Keywords

There is today a huge, expanding literature in the social sciences about populism. After having surveyed the major empirical and theoretical contributions, an obvious conclusion is that it is hard to define populism. It comes in many shades, some to the left and some to the right, but also in the center. As pointed out by Taggart (2000), populism is like a chameleon, adapting to the colors of the environment, local and ideological. Hence, as noted above, populism is not an ideology in the traditional sense like liberalism, conservatism, or socialism. It does not have a distinct set of core values and beliefs about how the world works or a particular view of human nature. Moreover, there are degrees of populism. Consequently, I shall instead of attempting to give a strict definition provide some defining characteristics of populism and populists.

Simplifying, populism may be said to have three modes. In popular discourse and among economists’ populism is often seen as a politics that appeals to the people by advocating unserious and ill-founded policies. However, in the broader social science literature populism has increasingly become identified with a distinct set of political strategies that deliberately cultivate the polarization of society. As we shall see, these first two modes often go together, resulting in the third, a process of creeping autocratization. This is when populism becomes a real threat to liberal democracy, markets, and the open society.

Unserious and Ill-Founded Policies

Populists are thus often, especially by economists, considered to offer unserious and ill-founded policy solutions to complex social and economic problems, often some sort of economic or social crises, to get elected. Or more generally, offering simplistic answers to complex questions. Typical examples of this mode are major increases in public spending and redistribution at the same time as advocating tax cuts or favoring severe punishments as the sole measure to battle crime or juvenile pregnancies.

For example, Williamson (1992: 347) defined populism as “the phenomenon where a politician tries to win power … with sweeping promises of benefits and concessions … to the lower classes”. Dornbusch and Edwards (1991) defined it as a set of economic policies aimed at redistributing income by implementing policies that violate ‘good economics’, including budget constraints and efficiency principles. Similarly, Rodrik (2018: 196) sees populism as a set of “irresponsible, unsustainable policies that often end in disaster and hurt most ordinary people they purportedly aim to help”. These kinds of policies are a major factor contributing to the often-observed economic decline under populist rule (Dornbusch & Edwards, 1991; Dovis et al., 2016).

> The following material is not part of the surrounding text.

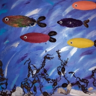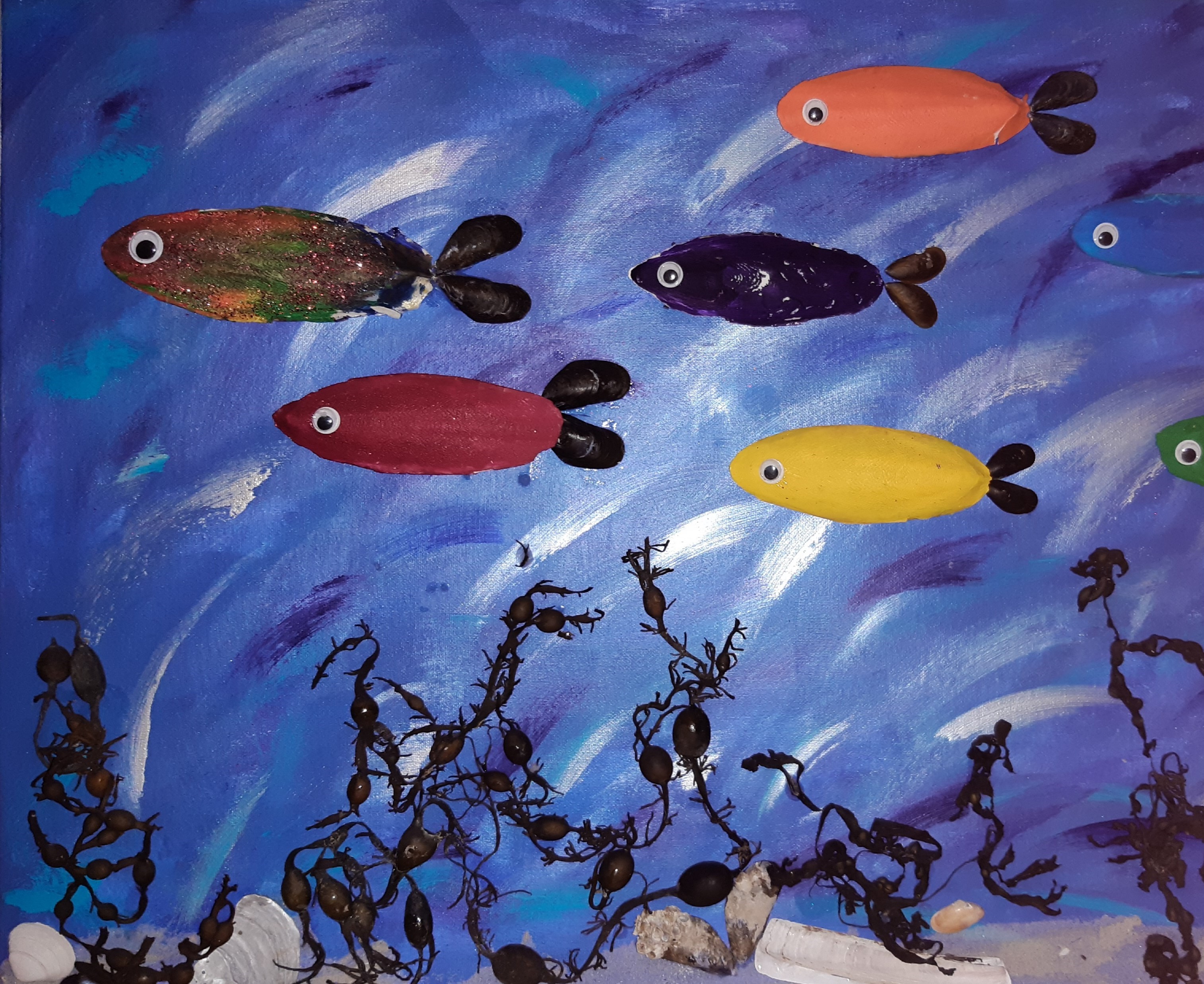 Bovenstaand schilderij is naar het kinderboek De mooiste vis van de zee in co-creatie van mijn dochter Anne en mij ontstaan in de periode dat ik me de kunst van het stilstaan eigen maakte.

In an analysis of more than 20 experiences or episodes of populism in Latin America from 1946 to 2019—including the regimes of Juan Peron in Argentine, Salvador Allende in Chile, Rafael Correa in Ecuador, Hugo Chavez and Nicolás Maduro in Venezuela, and Jair Bolsonaro in Brazil—Edwards (2010) distinguishes between five phases that may be summarized as follows:

  1. 1.

    The election or rise of a charismatic leader who advocates heterodox economic policies to redistribute income, explicitly ignoring constraints on public expenditures and monetary expansion.

  2. 2.

    The economy reacts strongly to aggregate demand shock; and growth, real wages, and employment are high.

  3. 3.

    The economy runs into bottlenecks due to expansionary demand, lack of foreign currency, and capital flight; inflation increases significantly, wages are indexed, and budget deficits continue to worsen.

  4. 4.

    Pervasive shortages, increased capital flights, and an extreme acceleration of inflation; price controls are intensified, and the currency is devalued.

  5. 5.

    Collapse, and cleanup by a new government, often through the enactment of an International Monetary Fund program.

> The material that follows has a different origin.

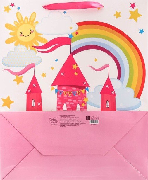 Пакет Маленькая принцесса 30*41*11,5 – можно использовать как небольшой презент или как красивую упаковку под непосредственный подарок. Любой подарок начинается с упаковки. Что может быть трогательнее и волшебнее, чем ритуал разворачивания полученного презента. И именно оригинальная, со вкусом выбранная упаковка выделит ваш подарок из массы других. Она продемонстрирует самые тёплые чувства к виновнику торжества и создаст сказочную атмосферу праздника.
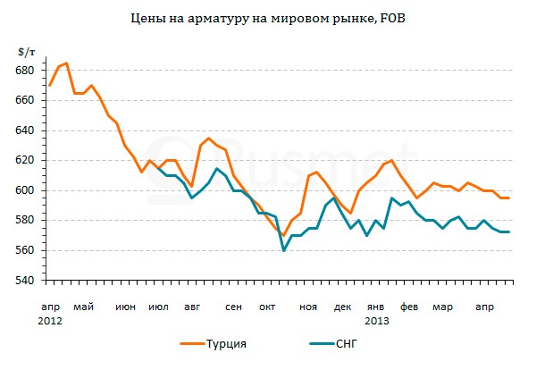 В течение всей второй половины апреля турецкая арматура котировалась на внешнем рынке на уровне $590-600 за т FOB. Большая часть поставок, при этом, приходилась на Саудовскую Аравию, ОАЭ, США и африканские страны. Ближе к концу месяца немного активизировались иракские покупатели, но они, как правило, приобретают мелкие партии продукции примерно по $605-610 за т EXW. Украинские производители в настоящее время предлагают арматуру по $570-585 за т FOB, но реальные сделки, по данным трейдеров, заключаются из расчета не более $575 за т FOB.

In the more recent examples of populism that he documents, inflation did not soar to the same extent, while public debt instead exploded, and protectionist policies, mandatory minimum wages increase, and constitutional reforms were implemented. Nevertheless, in all cases, as a result of the populist policies, the real incomes—and in particular the incomes of the poor—declined to levels significantly lower than when the populist episodes started. Moreover, the institutions of democracy and the open society were undermined. Significantly, 13 of these 20 experiences involved left-wing governments (see also Cachanosky & Padilla, 2021).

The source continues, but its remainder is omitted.